Valemos nós, as nossas preocupações, interesses, medos, prioridades, tornamo-nos o centro, prevalecendo as nossas convicções, ideias, desejos. Obviamente, fazendo parte da nossa natureza tão humana, os nossos desejos facilmente se tornam caprichos, e o que é defensável e saudável, rapidamente assume contornos de egoísmo, de prepotência, de soberba. Se os nossos interesses são satisfeitos, ainda que momentaneamente, então o mundo é bom, se não são, então há um problema, temos que ir à luta e afastar todos os que se opõem à satisfação dos nossos desejos.
Esta é a história de Adão e Eva. Num dizer muitas vezes sublinhado pelo nosso Bispo, D. António, o pecado original (ou originante) não está na recolha do fruto da árvore, mas no roubo, pela calada da noite, à revelia da fraternidade, arrebanhando o fruto só para si. Um pouco como os doutores da Lei, escribas e fariseus, fazem a lei para os outros, obrigam os demais a cumprir o que eles não tencionam, sequer, tentar. Adão e Eva recolhem o fruto que deveria ser para usufruto de todos e não apenas dos dois ou da família, entendida em sentido restrito.
Adão e Eva estariam nus? Sim, mas já antes estavam! Se recuarmos, vestir-nos e tapar as partes do corpo que consideramos púdicas, faz parte da evolução cultural. Nem sempre foi assim. Na atualidade ainda existem pequenas tribos ainda mantém grande frugalidade no vestir! Contudo não é a nudez que nos envergonha diante de Deus! Ele assim nos cruo! O que nos envergonha é o que escondemos. Adão e Eva escondem o roubo e a usurpação! Deus criou o mundo e deu-no-lo para cuidarmos e para que todos tivessem o necessário para viver com alegria e dignidade. Entretanto, concluímos que era melhor “corrigir” a vontade de Deus e viver segundo as nossas regras e os nossos desejos. Como sublinha Pascal, quando não vivemos como pensamos, acabamos por pensar como vivemos.

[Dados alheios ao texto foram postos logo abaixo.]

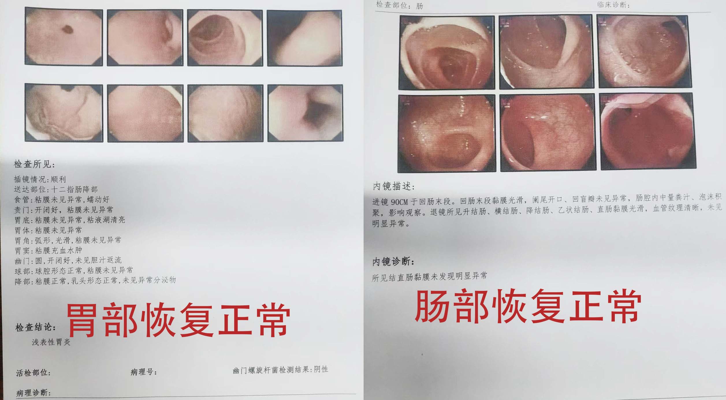 一开始让于主任给我治疗,当时因为距离远,给我邮寄的药物,也不用我自己熬煮,方便服用,调理第5天,腹部疼痛的症状慢慢改善了,我也没想到见效这么快,调理第9天肚子胀气不消化、肠鸣的也在慢慢减轻,调理3周后,腹部不疼了,大便成型了、肚子胀气不消化、肠鸣、拉肚子等各种不适症状都基本消失了。紧接着我又巩固了一个周期后,进行了肠镜复查显示,结肠胃息肉没有了。看到复查的肠镜结果,有说不出来的激动,真的特别特别感谢老中医,一直到现在,已经一年多了,也没有在复发过。当然我知道得来不易,更加注意规律生活饮食!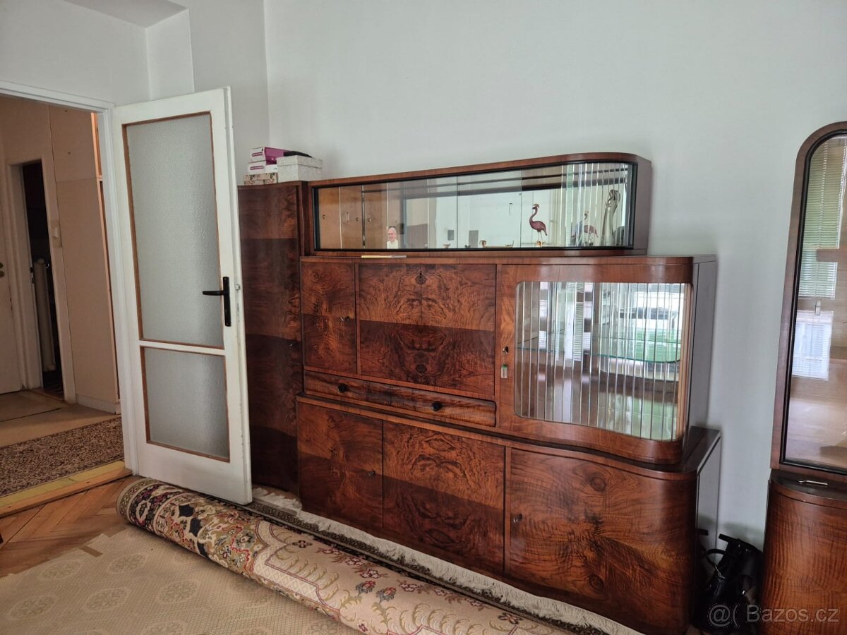 K dispozici sekretář / příborník se skříní (může stát zvlášť), knihovna, rozkládací gauč, rozkládací stůl a 4 židle s červeným polstrováním. Vše v jednotné estetice s mírným obloučkem. Klíčky a kování, vnitřní poličky atd. k disppozici. Vše v TOP stavu. Vyrobeno koncem 50. let.

Antecipamos o futuro! A criação está ao serviço de uns poucos, deixando milhões a morrer à fome, gastamos hoje os recursos que ainda não temos, e que seriam para amanhã.

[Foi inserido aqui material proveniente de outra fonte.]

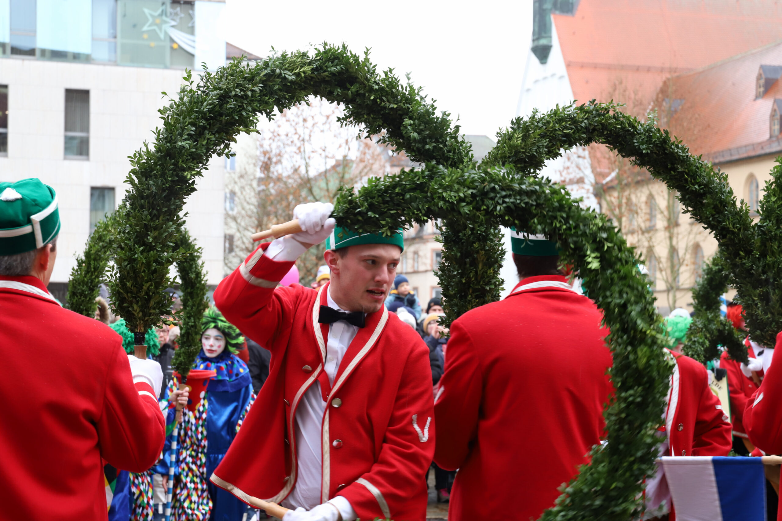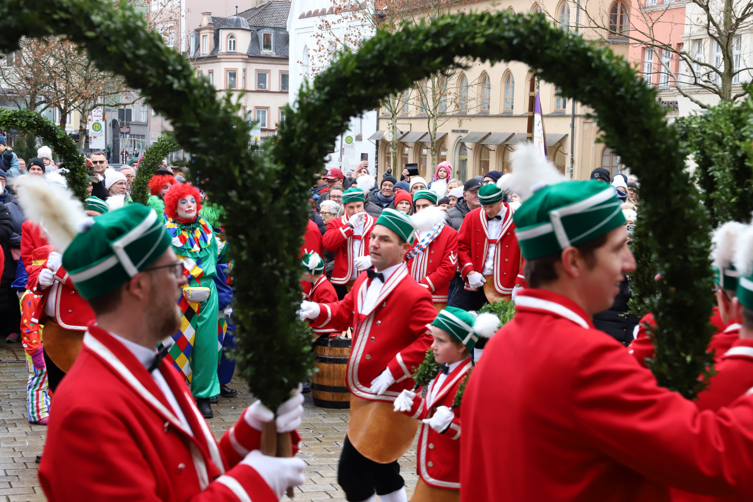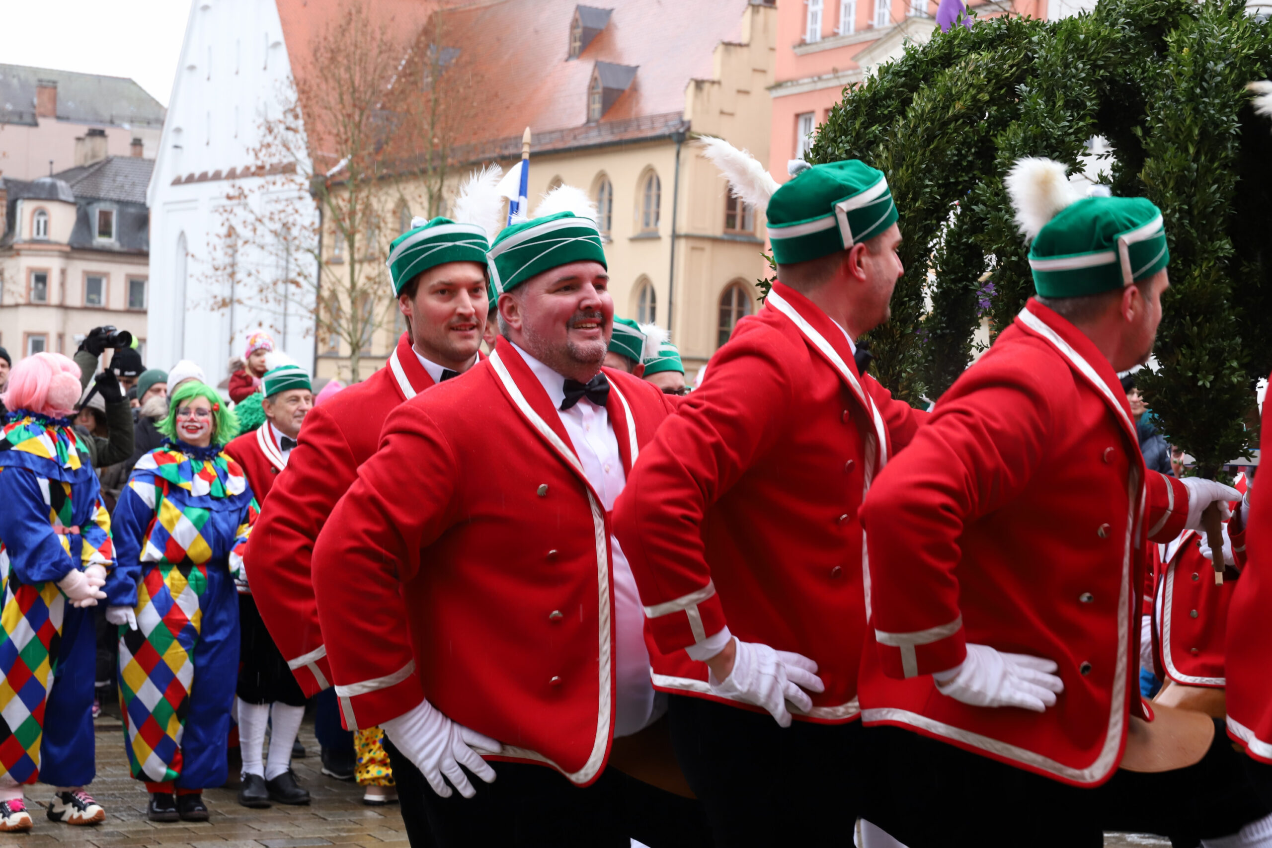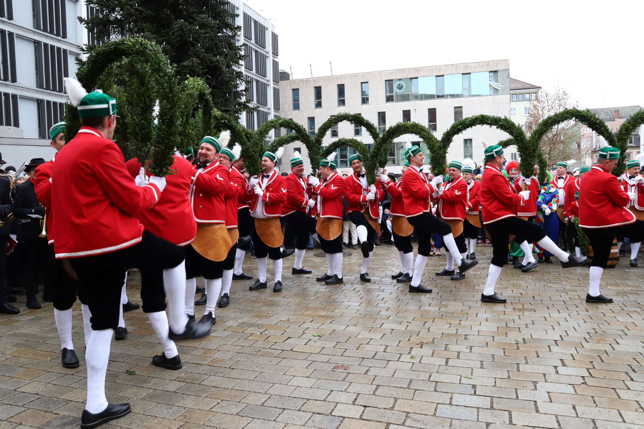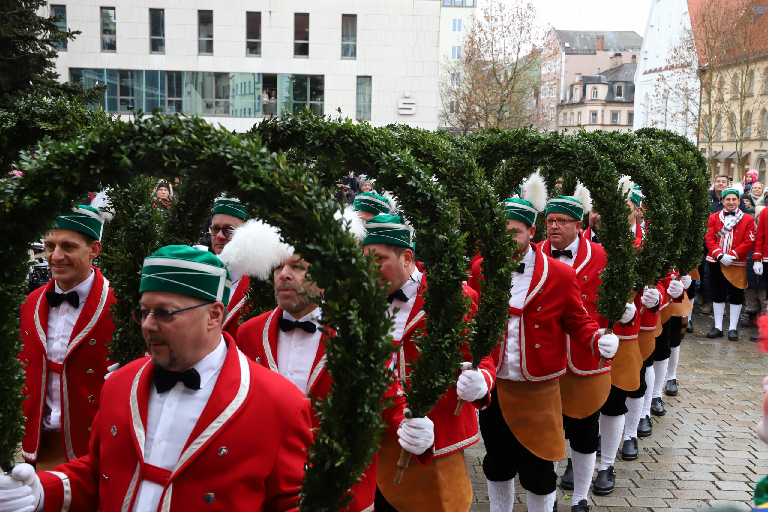 Mit dem Gottesdienst um 10 Uhr im Liebfrauenmünster begann am Vormittag ein besonderer Tag für die Stadt. Um 11 Uhr zogen die Ingolstädter Schäffler auf den Rathausplatz und eröffneten dort ihre Saison. Vor dicht gedrängtem Publikum erfüllten Musik, Reifen und Tracht die Innenstadt – ein seltenes Schauspiel, das Ingolstadt nur alle sieben Jahre erlebt.

Em livro póstumo, “O que é o cristianismo”, Bento XVI, referindo-se à liturgia, em sentido restrito, e em geral à vida da Igreja, alerta-nos: “Se Deus já não é importante, deslocam-se os critérios para estabelecer o que é importante. O homem ao pôr Deus de lado, submete-se a construções que o deixam escravo de forças materiais e que se opõem, por isso, à sua dignidade”. Bento XVI desenvolve, dizendo que “a Igreja está em perigo quando o primado de Deus já não aparece na liturgia e, por isso, na vida. A causa mais profunda da crise que abalou a Igreja reside no obscurantismo da prioridade de Deus na liturgia”. Uma franja da filosofia colocou Deus como adversário do homem. Como não lembrar, por exemplo, Ludwig Feuerbach, para quem Deus não seria mais do que a projeção do homem. Ou como Nietzsche a decretar a morte de Deus para fazer emergir o super-homem. Lideranças que se substituíram à prioridade, prevalência e existência de Deus redundaram em ditaduras, criando déspotas que rapidamente foram endeusados, colocando a maioria em dinâmica escrava. Se matamos o Pai, se dispensamos Deus, em vez de filhos e em situação de igualdade, começamos a disputar o “vazio”, ocupando o lugar, nem que para isso seja necessário instrumentalizar, destruir ou matar o próximo. Se só Deus é Deus e O reconhecemos, então será possível reconhecer a nossa igualdade face a Ele e em relação uns aos outros, todos como filhos e, portanto, irmãos, no mesmo “patamar”, sem necessidade de nos sobrepormos uns aos outros já que o lugar está preenchido.
Pe. Manuel Gonçalves, in Voz de Lamego, Ano 93/44, n.º 4724, de 4 de outubro de 2023.